There are some more optional arguments, see these by doing:
If there are problems reported, contact support or try to fix them yourself.
What is the file darsync_[dirname].ownership.gz
?
This is a file containing file ownership information. It is created in the root of the folder you told Darsync to transfer to Dardel.
When a user transfer all the files in a project to a project at Dardel, all the files at Dardel will be owned by the user who did the transfer. By saving the ownership information of the files at UPPMAX, we can map the file ownership information to the corresponding users at Dardel.

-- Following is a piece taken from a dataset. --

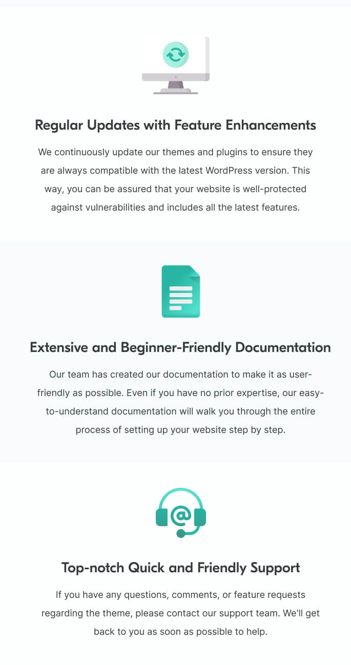 We continuously update our themes and plugins to ensure they are always compatible with the latest WordPress version. This way, you can be assured that your website is well-protected against vulnerabilities and includes all the latest features.

Can I delete the file darsync_[dirname].ownership.gz
?
No, keep it until you feel at home at Dardel and have worked in your new project a couple of months. By that time you should have encountered any problems with file permissions that you might have.
If you discover that you get problems because of wrong owner of files (write permissions etc), this file contains the information needed to recreate the file ownerships as they were before you transfered the files, even if your UPPMAX project has already been deleted.
How to fix WARNING: files with uncompressed file extensions above the threshold detected
It looks for files with file endings matching common uncompressed file formats, like .fq
, .sam
, .vcf
, .txt
.
If the combined file size of these files are above a threshold it will trigger the warning. Most programs that uses these formats can also read the compressed version of them.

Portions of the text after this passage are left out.